— Exercise —
A single number is the answer: how many lines of the entries contain the word "have"?

— Input data —
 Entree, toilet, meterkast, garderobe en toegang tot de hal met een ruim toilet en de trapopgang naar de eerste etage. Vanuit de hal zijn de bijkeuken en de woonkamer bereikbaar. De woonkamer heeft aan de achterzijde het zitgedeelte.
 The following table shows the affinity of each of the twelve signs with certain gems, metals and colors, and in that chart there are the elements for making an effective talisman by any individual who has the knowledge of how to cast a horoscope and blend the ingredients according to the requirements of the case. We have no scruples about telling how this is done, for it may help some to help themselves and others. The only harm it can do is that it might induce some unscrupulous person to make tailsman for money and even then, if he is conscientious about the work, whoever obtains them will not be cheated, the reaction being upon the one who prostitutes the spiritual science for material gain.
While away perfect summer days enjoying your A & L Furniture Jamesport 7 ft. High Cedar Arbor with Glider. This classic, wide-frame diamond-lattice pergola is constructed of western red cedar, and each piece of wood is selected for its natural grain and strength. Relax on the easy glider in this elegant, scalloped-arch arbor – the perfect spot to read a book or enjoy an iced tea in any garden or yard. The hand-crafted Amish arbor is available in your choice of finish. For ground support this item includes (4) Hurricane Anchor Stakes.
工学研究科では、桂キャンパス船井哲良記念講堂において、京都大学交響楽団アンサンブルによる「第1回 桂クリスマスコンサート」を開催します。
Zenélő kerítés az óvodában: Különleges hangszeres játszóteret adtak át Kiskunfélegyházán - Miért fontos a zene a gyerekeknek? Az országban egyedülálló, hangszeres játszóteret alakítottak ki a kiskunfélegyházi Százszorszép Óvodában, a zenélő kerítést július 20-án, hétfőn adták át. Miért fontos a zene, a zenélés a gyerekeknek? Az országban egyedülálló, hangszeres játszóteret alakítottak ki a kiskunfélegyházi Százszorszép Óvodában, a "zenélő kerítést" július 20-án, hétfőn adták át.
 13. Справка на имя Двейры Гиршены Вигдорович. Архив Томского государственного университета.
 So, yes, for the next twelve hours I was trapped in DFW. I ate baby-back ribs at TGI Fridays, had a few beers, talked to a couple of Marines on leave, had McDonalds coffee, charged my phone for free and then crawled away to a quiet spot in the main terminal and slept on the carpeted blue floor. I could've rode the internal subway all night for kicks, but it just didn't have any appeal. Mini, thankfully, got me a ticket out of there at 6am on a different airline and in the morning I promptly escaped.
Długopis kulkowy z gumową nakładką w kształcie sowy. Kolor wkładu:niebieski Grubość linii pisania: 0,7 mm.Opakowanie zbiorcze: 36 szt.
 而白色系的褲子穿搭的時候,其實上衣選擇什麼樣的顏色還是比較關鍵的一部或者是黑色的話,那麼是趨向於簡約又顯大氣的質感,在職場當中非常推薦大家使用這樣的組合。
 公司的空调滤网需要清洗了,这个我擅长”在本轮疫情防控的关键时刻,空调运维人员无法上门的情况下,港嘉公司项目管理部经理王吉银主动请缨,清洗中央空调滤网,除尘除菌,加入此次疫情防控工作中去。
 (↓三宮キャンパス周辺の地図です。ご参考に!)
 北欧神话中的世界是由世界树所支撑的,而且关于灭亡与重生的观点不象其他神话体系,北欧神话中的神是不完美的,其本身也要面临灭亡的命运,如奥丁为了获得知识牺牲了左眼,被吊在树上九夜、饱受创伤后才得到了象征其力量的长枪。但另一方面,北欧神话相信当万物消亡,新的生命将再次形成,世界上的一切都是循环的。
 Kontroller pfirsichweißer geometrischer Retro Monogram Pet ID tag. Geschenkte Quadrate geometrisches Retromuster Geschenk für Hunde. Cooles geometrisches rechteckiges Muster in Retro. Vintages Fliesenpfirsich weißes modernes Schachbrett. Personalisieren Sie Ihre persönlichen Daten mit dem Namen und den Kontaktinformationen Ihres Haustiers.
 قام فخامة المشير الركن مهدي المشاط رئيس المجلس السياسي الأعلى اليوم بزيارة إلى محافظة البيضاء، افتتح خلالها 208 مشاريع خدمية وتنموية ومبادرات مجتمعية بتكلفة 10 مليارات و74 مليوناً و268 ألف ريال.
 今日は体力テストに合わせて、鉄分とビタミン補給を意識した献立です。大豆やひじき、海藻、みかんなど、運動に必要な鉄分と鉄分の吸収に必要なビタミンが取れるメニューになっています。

— Answer box —
2